### ENTRIES SUPPLIED
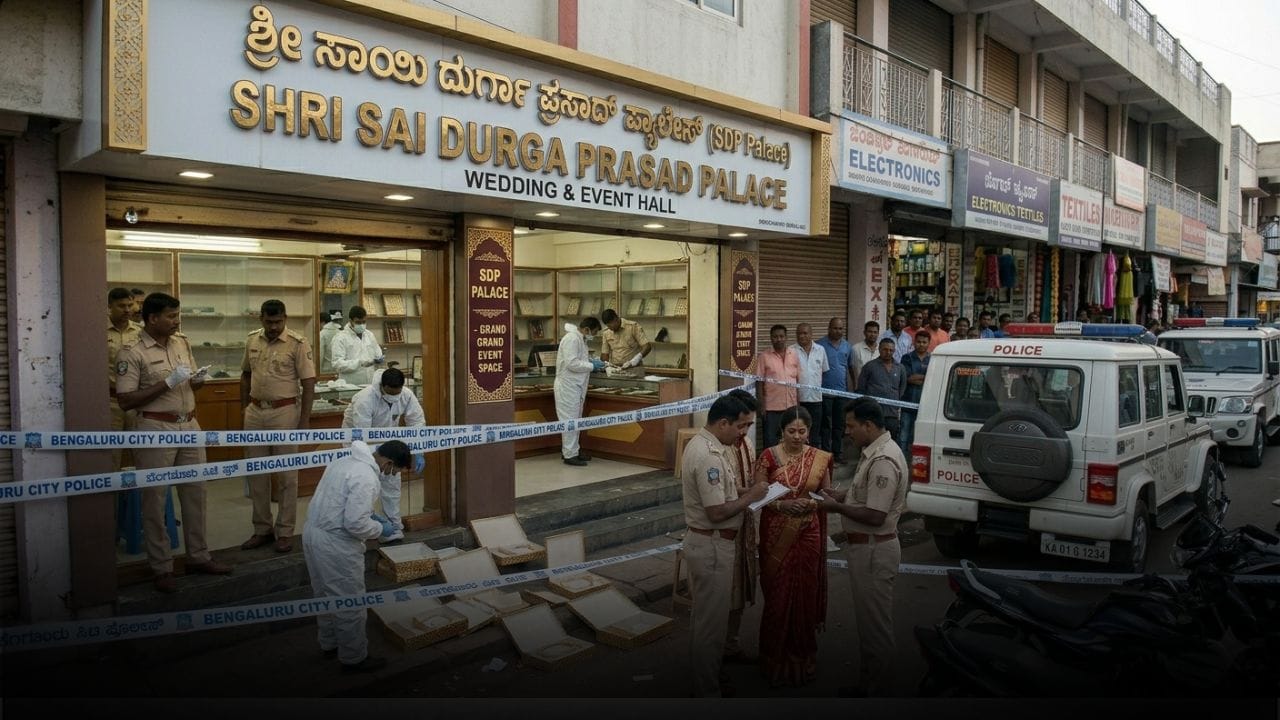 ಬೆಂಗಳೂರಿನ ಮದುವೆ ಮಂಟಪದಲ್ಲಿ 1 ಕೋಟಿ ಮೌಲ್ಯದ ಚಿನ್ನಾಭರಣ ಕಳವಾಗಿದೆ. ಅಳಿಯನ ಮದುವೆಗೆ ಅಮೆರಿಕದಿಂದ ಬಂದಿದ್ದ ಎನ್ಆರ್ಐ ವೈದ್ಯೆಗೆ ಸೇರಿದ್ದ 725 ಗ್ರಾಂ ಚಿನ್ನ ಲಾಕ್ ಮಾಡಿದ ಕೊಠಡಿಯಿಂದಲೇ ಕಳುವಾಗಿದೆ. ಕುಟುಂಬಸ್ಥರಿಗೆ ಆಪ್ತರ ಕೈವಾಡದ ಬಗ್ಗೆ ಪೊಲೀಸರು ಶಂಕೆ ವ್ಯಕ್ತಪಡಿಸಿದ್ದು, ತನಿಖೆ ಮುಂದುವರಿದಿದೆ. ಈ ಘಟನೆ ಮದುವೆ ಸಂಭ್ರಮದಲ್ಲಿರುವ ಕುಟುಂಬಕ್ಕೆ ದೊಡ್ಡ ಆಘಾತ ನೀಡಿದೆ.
* * *
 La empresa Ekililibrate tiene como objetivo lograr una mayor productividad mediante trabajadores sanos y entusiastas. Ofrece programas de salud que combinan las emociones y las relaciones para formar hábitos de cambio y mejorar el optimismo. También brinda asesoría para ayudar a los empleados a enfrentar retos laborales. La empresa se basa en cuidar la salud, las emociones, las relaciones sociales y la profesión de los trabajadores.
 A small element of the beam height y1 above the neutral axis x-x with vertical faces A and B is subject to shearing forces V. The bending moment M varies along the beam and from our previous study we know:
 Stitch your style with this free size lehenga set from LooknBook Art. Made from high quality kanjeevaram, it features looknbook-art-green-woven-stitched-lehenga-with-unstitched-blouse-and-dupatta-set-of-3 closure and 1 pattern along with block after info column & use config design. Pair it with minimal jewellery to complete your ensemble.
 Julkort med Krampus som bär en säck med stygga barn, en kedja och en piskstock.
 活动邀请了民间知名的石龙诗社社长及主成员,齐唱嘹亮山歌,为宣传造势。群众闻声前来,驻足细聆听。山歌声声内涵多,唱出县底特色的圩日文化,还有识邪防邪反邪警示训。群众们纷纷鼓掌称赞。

### EXERCISE REQUIREMENTS
Among the lines above, please find those with "from" and copy them.

### RESPONSE TO THIS EXERCISE
 A small element of the beam height y1 above the neutral axis x-x with vertical faces A and B is subject to shearing forces V. The bending moment M varies along the beam and from our previous study we know:
 Stitch your style with this free size lehenga set from LooknBook Art. Made from high quality kanjeevaram, it features looknbook-art-green-woven-stitched-lehenga-with-unstitched-blouse-and-dupatta-set-of-3 closure and 1 pattern along with block after info column & use config design. Pair it with minimal jewellery to complete your ensemble.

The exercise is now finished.